In the final phase, I will focus on thorough testing, debugging, performance improvements, and writing clear documentation for both features.

Throughout the internship, I will maintain consistent communication with mentors, actively incorporate feedback, and adapt my approach to ensure steady progress and meaningful contributions aligned with the project goals.


Why I am a Strong Fit

I focus on building practical and user-friendly solutions. My experience with JavaScript and frontend development helps me understand how features should behave from a user’s perspective, especially in interactive environments like the Visual Editor.

I am comfortable working with dynamic data, handling edge cases, and improving user experience. I am also eager to learn and adapt, especially when working with APIs and new technologies.

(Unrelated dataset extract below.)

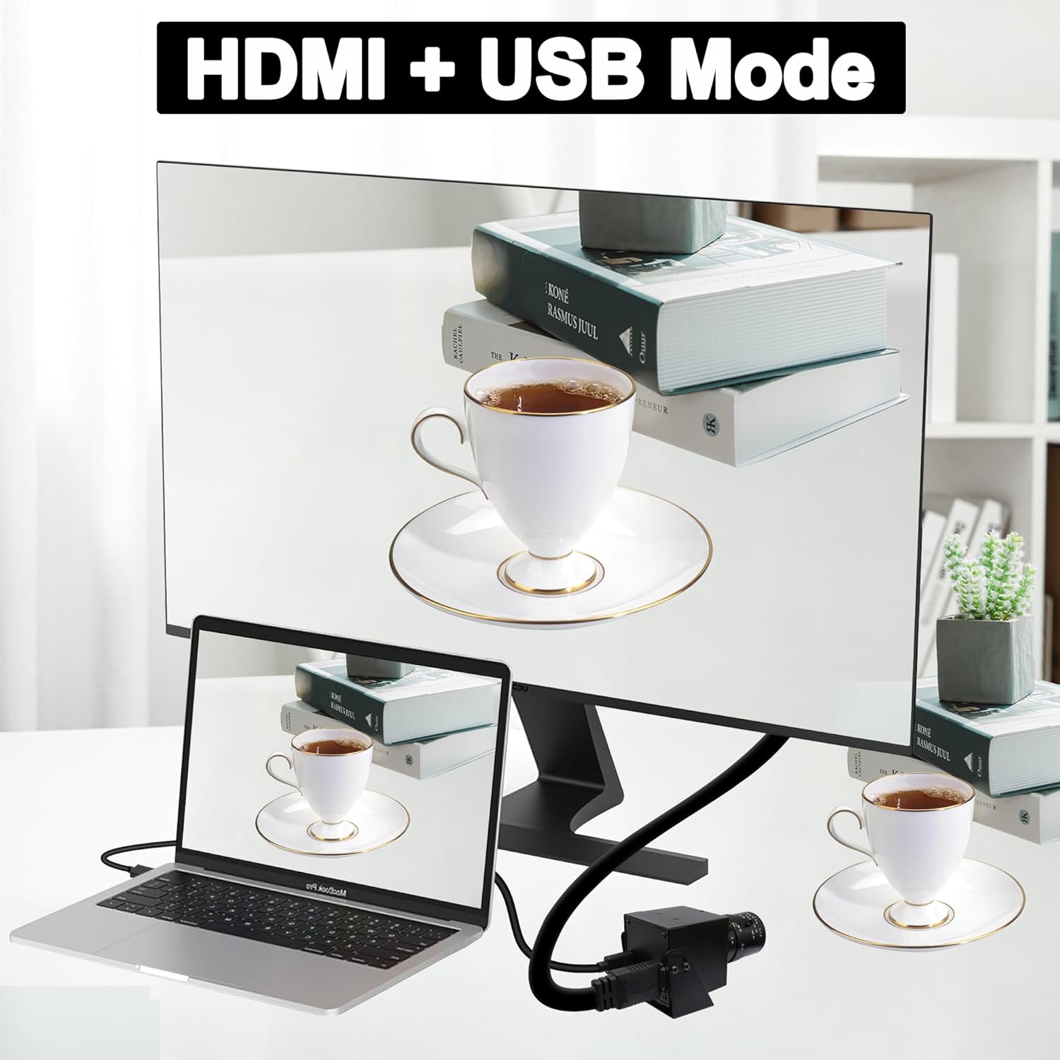 - This camera offers both USB and HDMI outputs, allowing for versatile connectivity options. This means you can connect it to a computer for video recording, use it simultaneously with a computer and an HDMI monitor for professional recording, or connect it directly to an HDMI monitor or projectors for video display during presentations or streaming.

I am confident in my ability to contribute effectively, learn quickly, and deliver a well-integrated solution.

Event Timeline

URLs → remove protocol, “www”, trailing slashes

This seems like a bad idea, because a different URL on a different protocol may well be a different site. (The http/https versions rarely differ, but sites where the www/plain versions are different are quite common. And the trailing slash is genuinely a different path.)

Gopavasanth subscribed.

Thank you for your proposal and the effort you put into it. This year we received over 20 strong applications, and after a highly competitive review, we were unfortunately unable to offer you a slot.

Please don't see this as a failure, many contributors who weren't selected for Outreachy have gone on to make meaningful, lasting impact in the Wikimedia community, and we genuinely hope you'll stay engaged. You're very welcome to continue contributing outside of Outreachy. Our mentors and org admins are happy to help you get started or keep going:

We hope to see you around in the community.